START DATA FOR REVIEW
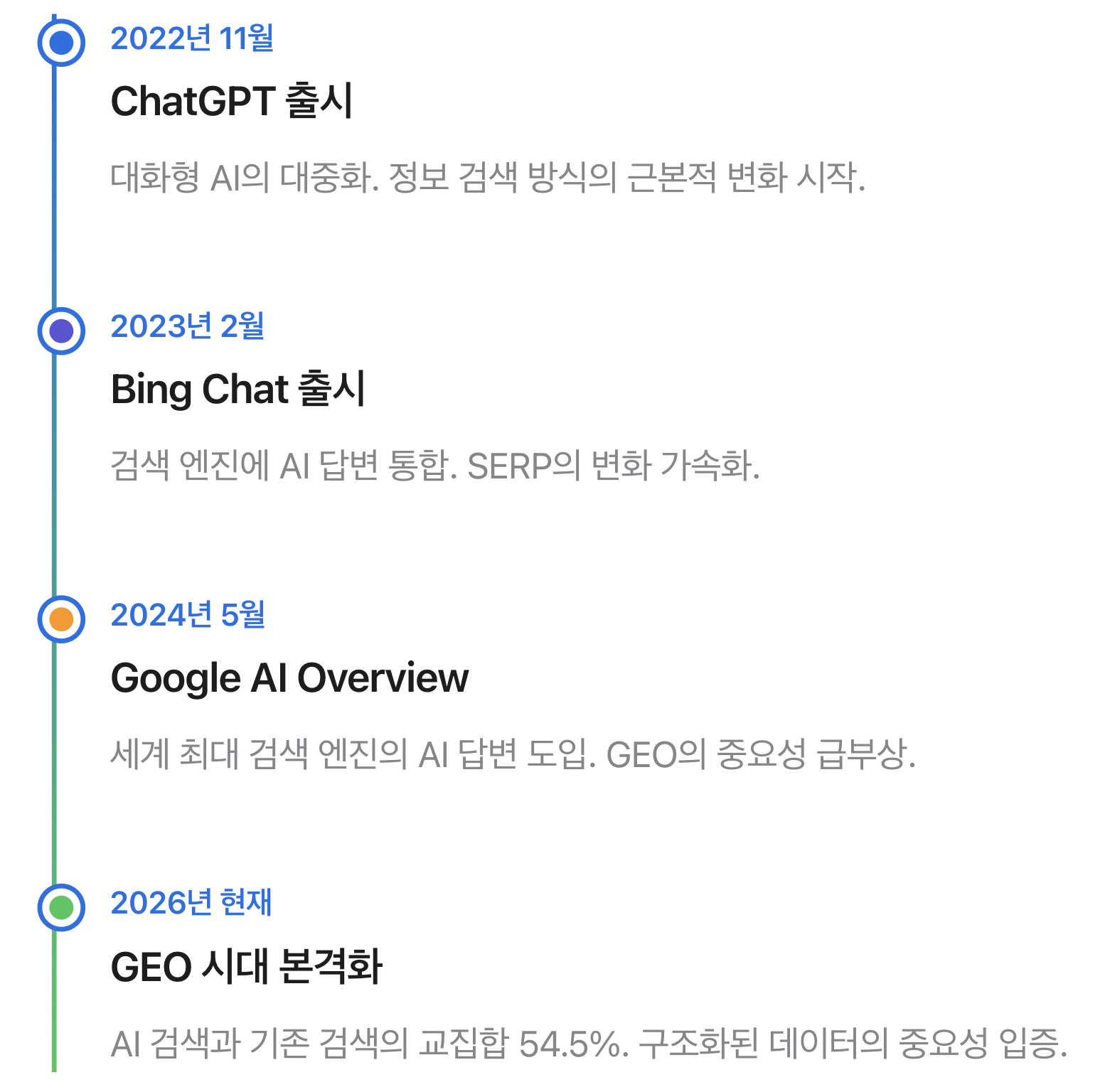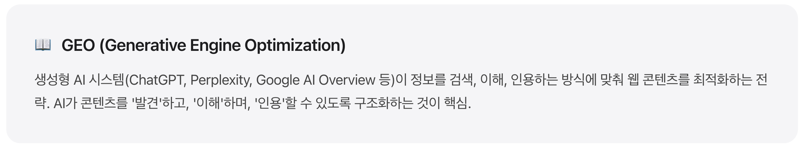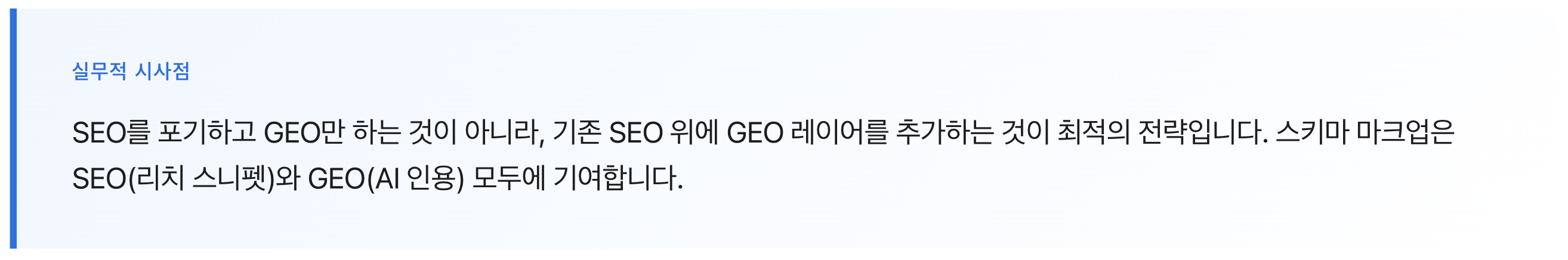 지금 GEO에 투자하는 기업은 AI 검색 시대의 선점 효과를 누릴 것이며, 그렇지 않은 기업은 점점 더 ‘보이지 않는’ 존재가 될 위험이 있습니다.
END DATA FOR REVIEW
START DATA FOR REVIEW
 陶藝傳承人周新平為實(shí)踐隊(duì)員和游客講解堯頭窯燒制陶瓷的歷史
END DATA FOR REVIEW
START DATA FOR REVIEW
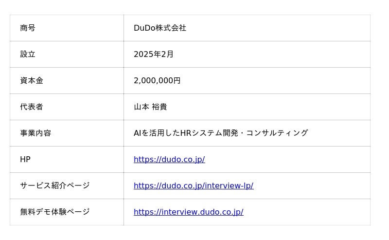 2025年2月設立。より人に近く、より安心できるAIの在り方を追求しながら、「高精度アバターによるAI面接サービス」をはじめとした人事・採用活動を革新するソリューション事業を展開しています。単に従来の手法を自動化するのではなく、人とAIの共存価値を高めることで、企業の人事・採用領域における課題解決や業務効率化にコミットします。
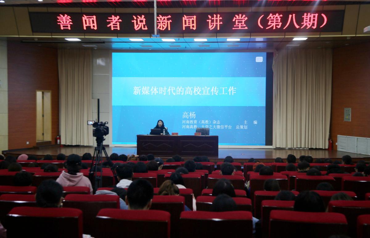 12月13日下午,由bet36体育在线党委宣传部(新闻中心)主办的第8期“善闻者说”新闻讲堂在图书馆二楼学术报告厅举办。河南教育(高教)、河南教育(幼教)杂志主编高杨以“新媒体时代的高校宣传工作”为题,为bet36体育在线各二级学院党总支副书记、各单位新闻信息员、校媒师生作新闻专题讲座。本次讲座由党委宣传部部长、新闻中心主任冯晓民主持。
END DATA FOR REVIEW
- ABOUT THIS TASK
Your reply is to be an exact repeat of the listing above from the line holding "2025年2月設立。より人に" down to the line holding "12月13日下午,由bet3", ends included, pictures excluded.

- REPLY
 2025年2月設立。より人に近く、より安心できるAIの在り方を追求しながら、「高精度アバターによるAI面接サービス」をはじめとした人事・採用活動を革新するソリューション事業を展開しています。単に従来の手法を自動化するのではなく、人とAIの共存価値を高めることで、企業の人事・採用領域における課題解決や業務効率化にコミットします。
 12月13日下午,由bet36体育在线党委宣传部(新闻中心)主办的第8期“善闻者说”新闻讲堂在图书馆二楼学术报告厅举办。河南教育(高教)、河南教育(幼教)杂志主编高杨以“新媒体时代的高校宣传工作”为题,为bet36体育在线各二级学院党总支副书记、各单位新闻信息员、校媒师生作新闻专题讲座。本次讲座由党委宣传部部长、新闻中心主任冯晓民主持。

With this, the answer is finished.